Se la definizione della malattia è difficile, la disabilità è peggiore. Ci sono problemi anche nel decidere dove guardare. La disabilità si trova nella persona? O da qualche altra parte? Dove si trova il punto di demarcazione tra variazione fisica e disabilità? C’è infatti un punto limite?, Fino a poco tempo fa l’unico modello coerente per pensare alla disabilità era quello medico, in cui la disabilità è vista come una patologia nominativa: una malattia, una degenerazione, un difetto o un deficit situati in un individuo. Esattamente ciò che costituisce malattia, degenerazione, difetto o deficit qui è deciso con riferimento a una norma biomedica.
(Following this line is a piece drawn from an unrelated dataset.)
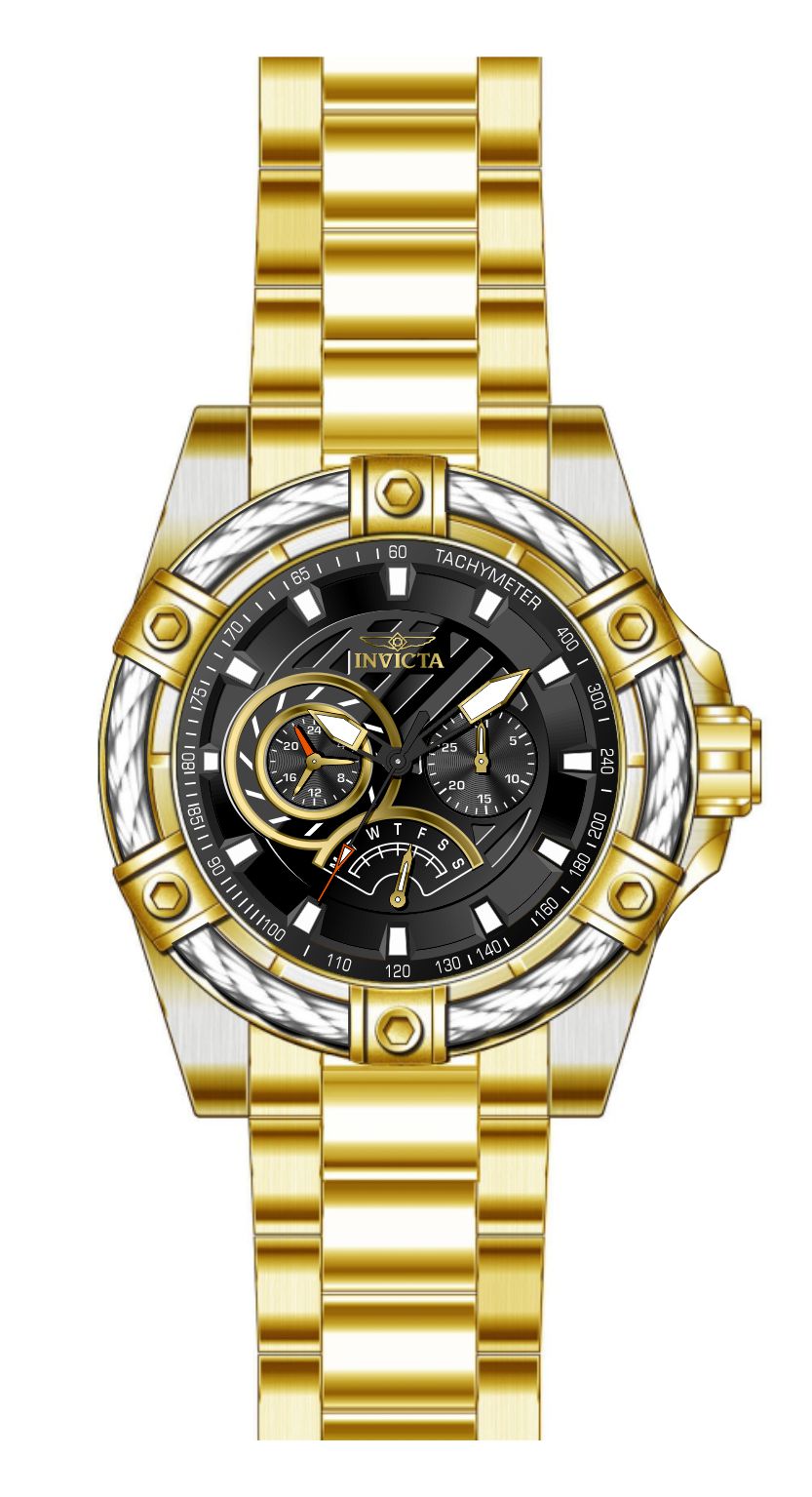 Band Material: Stainless Steel, Band Tone: Gold, Band Width: 26MM, Band Length: 185MM, Crown Type: Push, Case Material: Stainless Steel, Case Tone: Gold, Case Size [mm]: 52, Crystal Type: Flame Fusion, Dial Material: Brass, Dial Color: Black .Purchasing these parts and having a non-authorized repair center open your watch voids all manufacturing warranties. Invicta cannot guarantee the quality standards of an altered timepiece, the standard 3-year limited warranty on Invicta timepieces shall be invalid if the timepiece is serviced at any time by an unauthorized repair center. This includes battery replacements, which must be done at an Invicta authorized repair center in order to maintain the eligibility of the warranty. Please follow the link below to learn more about Invicta's warranty.https://cdn.invictawatch.com/www/files/invicta-warranty-2018.pdf

È quindi utile disporre di una norma biomedica, che potrebbe spiegare perché l’idea di “disabilità” come categoria è nata parallelamente alla standardizzazione medica.
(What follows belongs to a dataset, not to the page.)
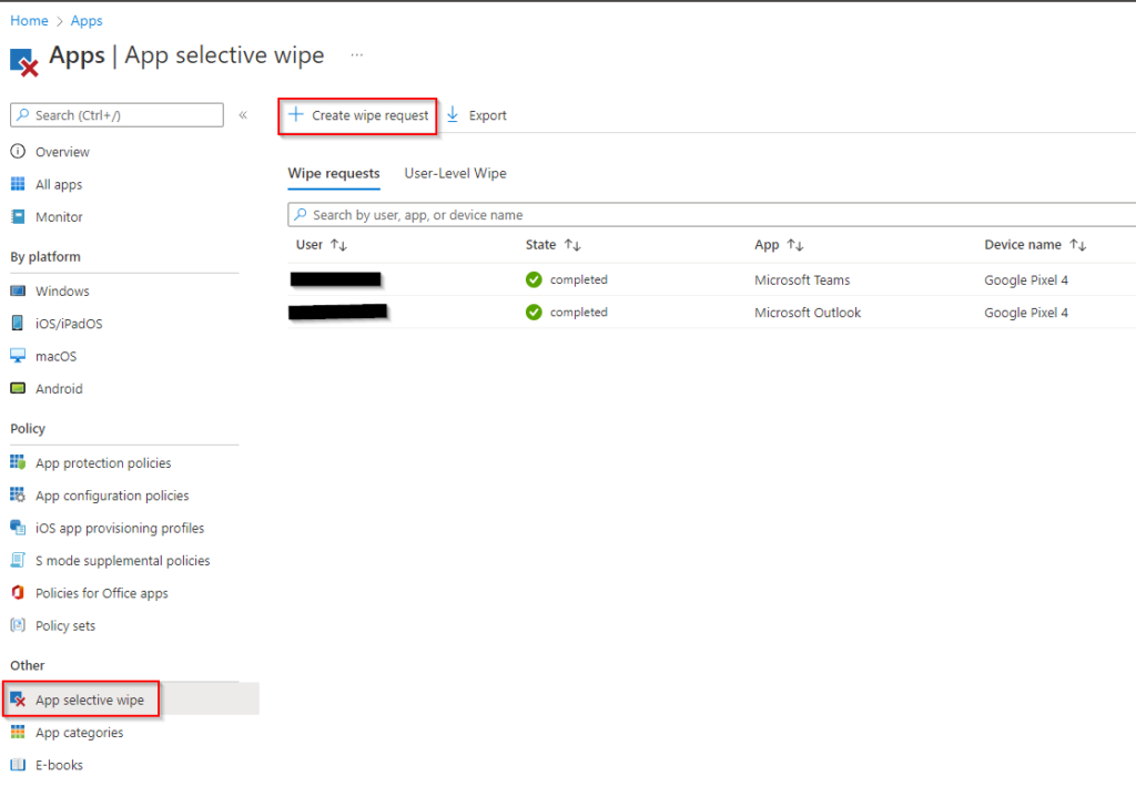 In MEM, navigate to Apps > App selective wipe > Create wipe request:

…,l’esperienza personale di disabilità non è sempre prevedibile, e può essere molto diverso dall’esperienza di malattia

Aumentare l’insoddisfazione per i limiti di un puro punto di vista medico per comprendere l’intera esperienza della disabilità, ha generato diverse alternative sulla base di un modello sociale (Oliver, 1996; Shakespeare & Watson, 2002)., La critica fondamentale del modello sociale al modello medico è che individua erroneamente “il problema” della disabilità nei vincoli biologici, considerandolo solo dal punto di vista dell’individuo e trascurando i quadri sociali e sistemici che contribuiscono ad esso. Il modello sociale distingue tra compromissione (il substrato biologico, come l’udito alterato) e l’esperienza dei disabili., In questa visione la presenza di problemi di udito è una cosa, mentre l’assenza di sottotitoli in TV è un’altra, ed è il rifiuto della società di fare le sistemazioni necessarie che è il vero luogo della disabilità. Un modello sociale non ignora la biologia, ma sostiene che i fattori sociali, economici e ambientali sono almeno altrettanto importanti nella produzione di disabilità.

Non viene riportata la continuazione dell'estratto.